Il pensiero strategico-militare di Sunzi è racchiuso nella sua opera “孙子兵法” (Sunzi Binfa), letteralmente “La strategia militare di Sunzi”, ma conosciuto a livello internazionale con il titolo inglese “The Art of War”, in italiano “L’Arte della guerra”.

È un manuale tuttora presente nelle accademie militari di tutto il mondo, a sottolineare la sua attualità per quanto riguarda le strategie militari, nonostante i millenni passati e le enormi innovazioni avvenute in campo tecnologico-militare, e io ritengo personalmente che diversi passaggi del manuale avrebbero dovuto essere presi più in considerazione dai vertici militari di Russia e Ucraina.

Ad esempio, un brano del decimo capitolo (l’opera in totale è divisa in 13 capitoli, ognuno con un argomento specifico) recita “Quando il generale è incapace di valutare la consistenza del nemico, e impegna una piccola forza per affrontarne una grande, o truppe deboli per contrastare truppe più forti, o affida incarichi a subalterni, il risultato è la sconfitta”.

Ora non sto qui a fare un’analisi dell’andamento del conflitto in Ucraina, ma credo che questo passaggio, all’apparenza semplice, non sia stato recepito molto bene da nessuno dei due schieramenti.

Un altro brano che dovrebbe essere letto e compreso sia dai vertici russi che quelli ucraini, secondo me è questo del terzo capitolo

“In guerra è meglio conquistare uno Stato intatto. Devastarlo significa ottenere un risultato minore”.

Certo, questo passaggio andrebbe fatto leggere soprattutto a Putin, ma anche chi si difende a oltranza anche quando le condizioni non sono vantaggiose, dovrebbe rifletterci su. Anche se le truppe russe si ritirassero oggi stesso, il governo Zelensky avrebbe in mano una grossa fetta del territorio devastata e da ricostruire.

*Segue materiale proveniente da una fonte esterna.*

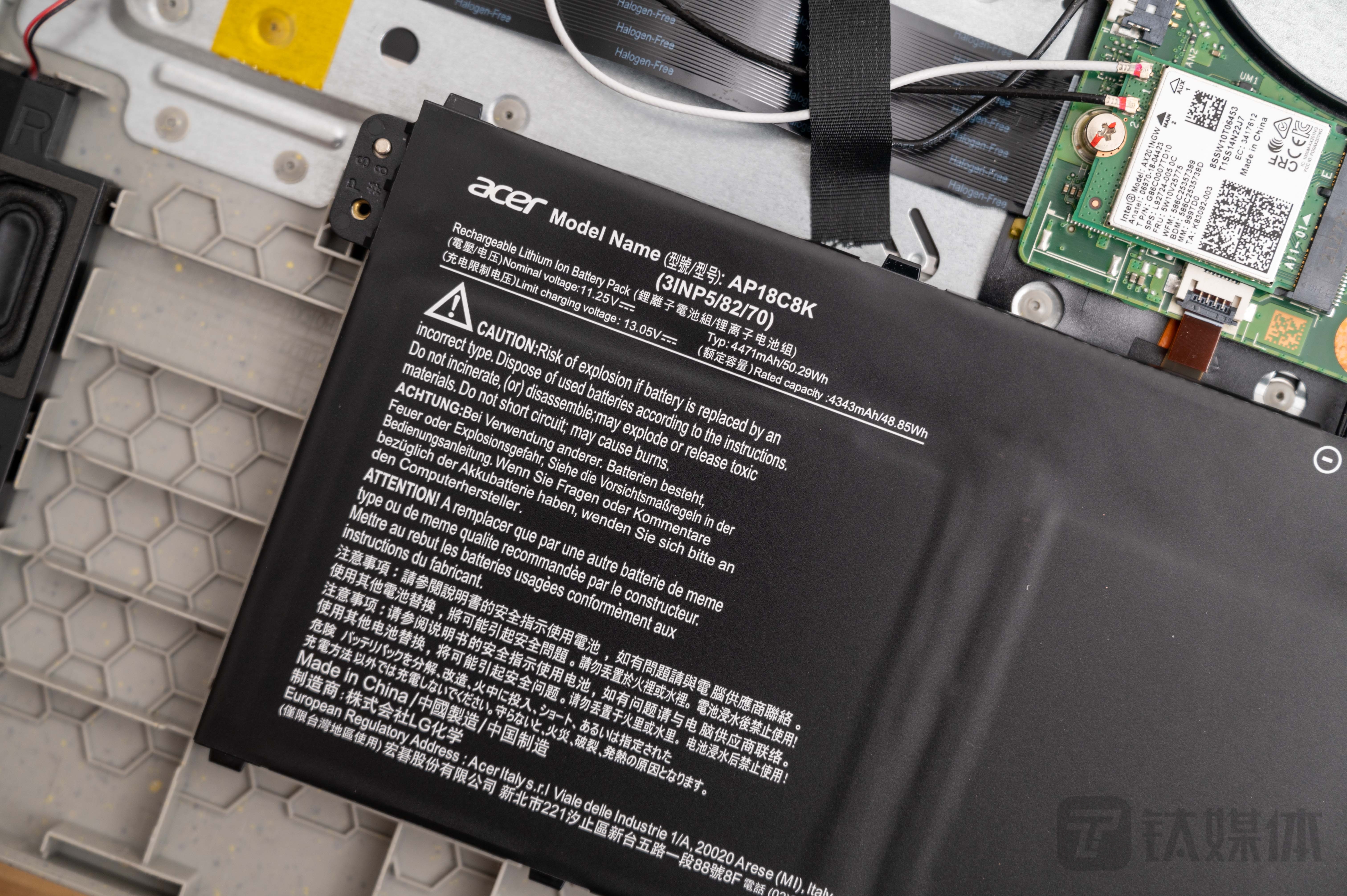 除了屏幕,宏碁蜂鸟·未来环保版笔记本续航方面的表现也比较一般,机内电池的容量达到了50.29Wh,对于一款15.6英寸的产品来说容量还是偏小了一些。并且从整体的空间布局来看,宏碁预留了很多的空间,电池容量应该是可以提升到60Wh以上的,但估计是处于重量、散热等因素的考量,估计在下一代产品中这些都会得到补足。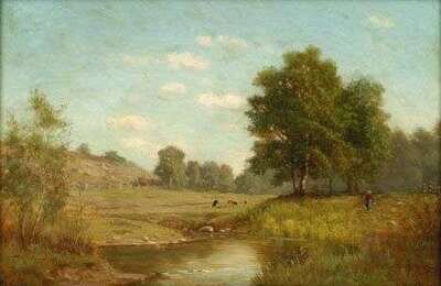 BENJAMIN MCCORD (AMERICAN LATE 19TH CENTURY) FIGURE BY A RIVER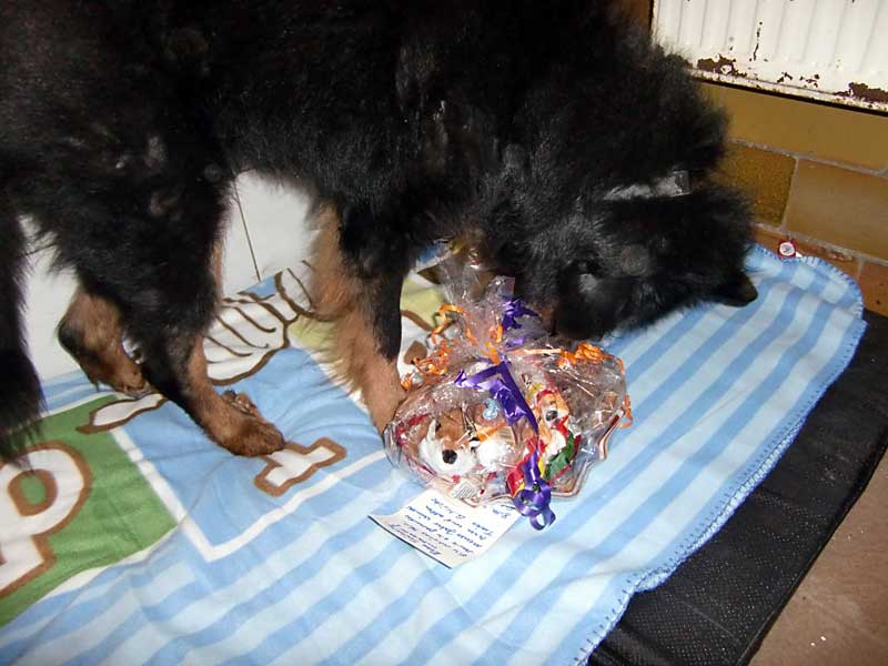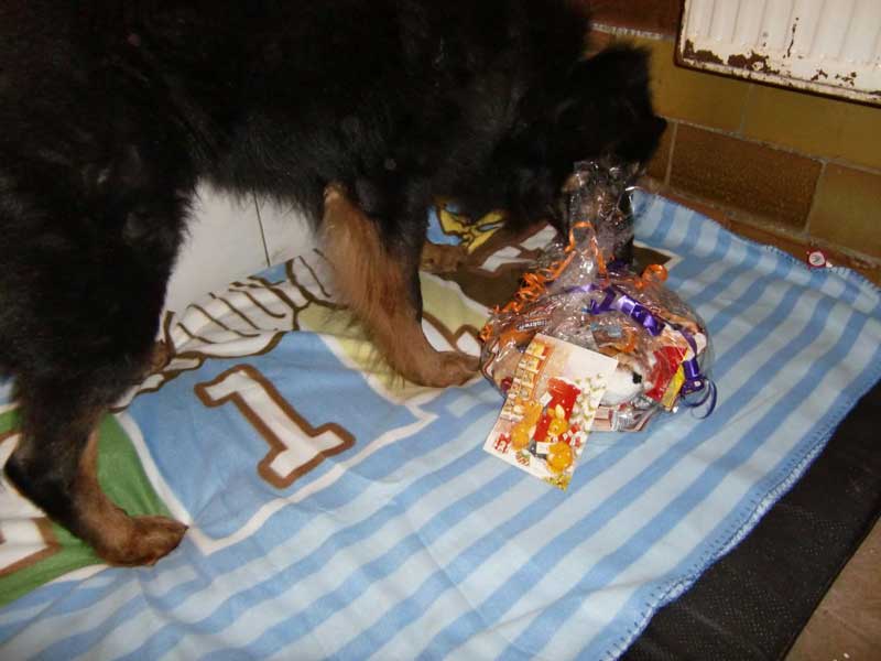 Eine Berliner Familie sandte ein Paket für Harvey. Eine ganz weiche Decke und ein liebevoll zusammengestelltes Fress- und Spielzeugpaket fanden großes Interesse bei Harvey und er machte sich sofort fachmännisch ans Auspacken.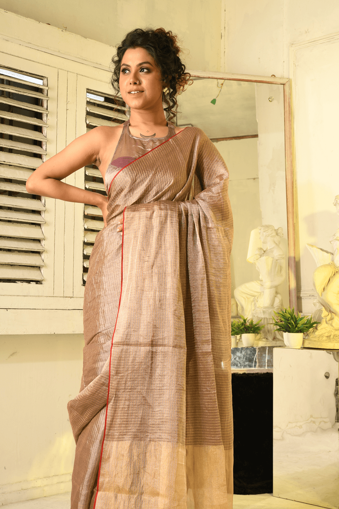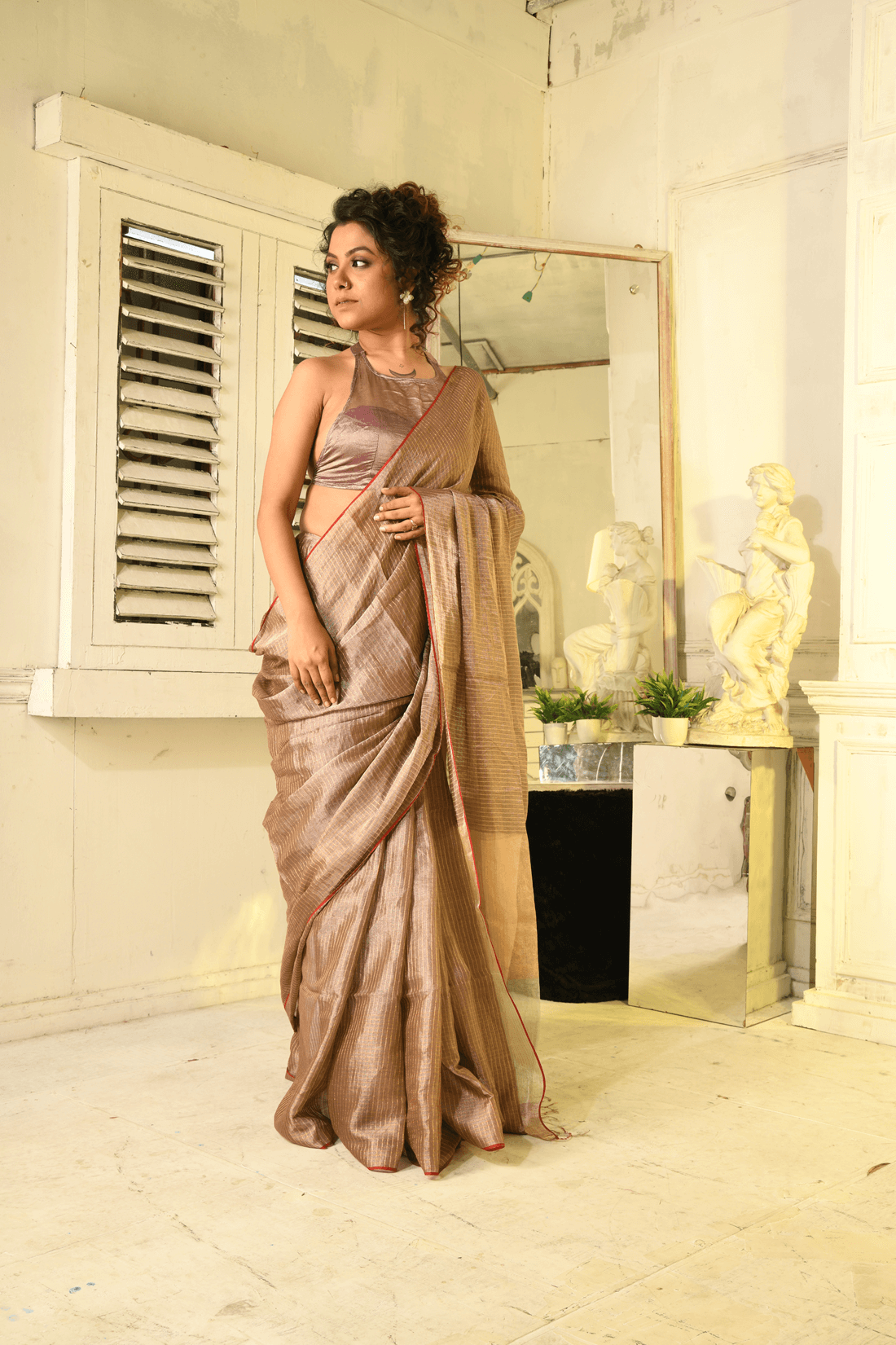 The Metallic Handloom Saree – Nude Beige stands out for its minimalist sophistication. The handwoven checks pattern gives it a modern twist, while the metallic detailing elevates its festive charm. Perfect for women who want elegance with subtle glamour, this saree transitions seamlessly from day celebrations to evening parties.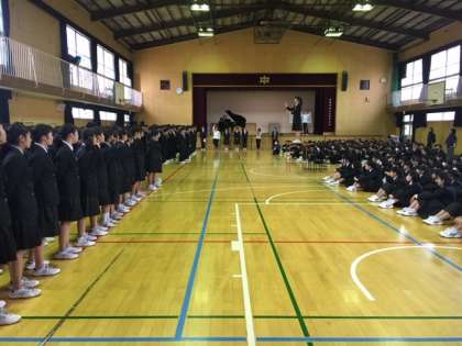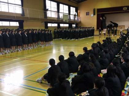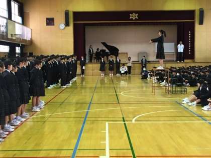 3年生による、1・2年生への歌「正解」の合唱の様子です。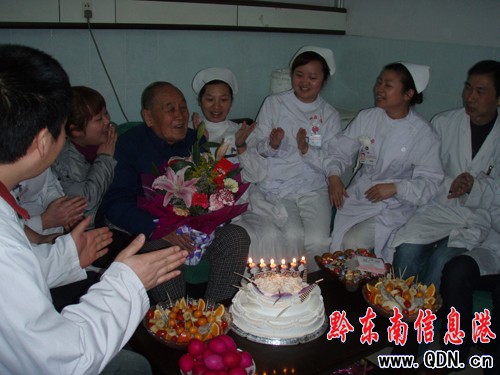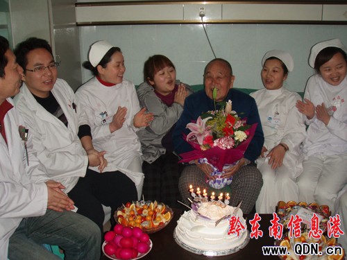 當護士長陳振梅了解到3月6日是老人的生日后,她與科主任商量決定在病房里為老人過這次生日,她們買來了鮮花和蛋糕,2011年3月6日,在州人民醫院外五病房,筆者拍下了這溫馨感人的一幕。(羅茜)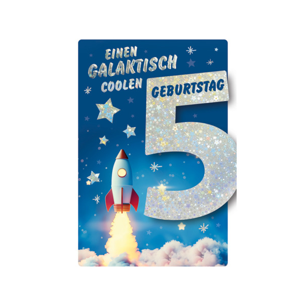 Entdecken Sie die fröhlichen Geburtstagskarten von Alpedia, die perfekt für den 5. Geburtstag Ihres Kindes geeignet sind. Die Karte zeigt ein kindgerechtes Motiv mit einer bunten Rakete und der großen Zahl „5“, die Kinderaugen zum Strahlen bringt. Diese Druckkarte aus weißem Karton ist mit einer feinen Prägung veredelt, was sie zu einer idealen Wahl für Jungen macht, die ihren besonderen Tag feiern möchten. Sie ist bunt, verspielt und voller Geburtstagsfreude.

Un altro aspetto fondamentale dell’opera, è che la resa non viene considerata affatto un disonore, naturalmente dipende dalla situazione, e infatti sempre nel capitolo 3, possiamo leggere

“Quando sei inferiore in tutto, se puoi ritirati”, ma anche

“Se sei inferiore in tutto al nemico, devi riuscire a sfuggirgli. Se ti ostini a cercare il combattimento, sarai fatto prigioniero perché, per una forza più potente, una forza esigua diventa preda desiderata”.

Come già detto però, “L’arte della guerra” è tuttora utile per capire la mentalità cinese in campo militare e non solo, come si evince dall’ennesimo passaggio del terzo capitolo, e cioè

“Ottenere cento vittorie su cento battaglie, non è il massimo dell’abilità: vincere il nemico senza bisogno di combattere, quello è il trionfo massimo”.

Questo l’ho sempre detto a chi pensava che la Cina avesse approfittato della “distrazione” degli Stati Uniti impegnati nella guerra in Ucraina (affermazione quasi più offensiva per gli Stati Uniti che per la Cina, visto che è impensabile che gli Stati Uniti si distraggano dal perseguimento del loro obiettivo principale, ovvero il controllo del Pacifico), perché non è il modus operandi cinese, lo dimostra la Storia di un Paese che molto raramente ha dichiarato guerra a un altro Stato, quello di raggiungere il proprio obiettivo con la forza quando questa comporta dei rischi, e di rischi per la Cina ce ne sarebbero tantissimi in caso di una scriteriata invasione militare dell’isola che comunque, va ricordato, è de facto riconosciuta dalla comunità internazionale come parte integrante del territorio cinese, come ho scritto nel mio precedente articolo.

Il Dragone cerca sempre di ottenere ciò che vuole con la persuasione (economica) e l’intimidazione, ma il ricorso alle armi è l’estrema ratio, proprio come pensava Sunzi.

Certo è che la visita della Pelosi a Taipei, che ha scatenato la furiosa reazione cinese sfociata in esercitazioni militari intorno a Taiwan, si poteva assolutamente evitare, una mossa provocatoria e osteggiata persino nelle alte sfere del governo americano.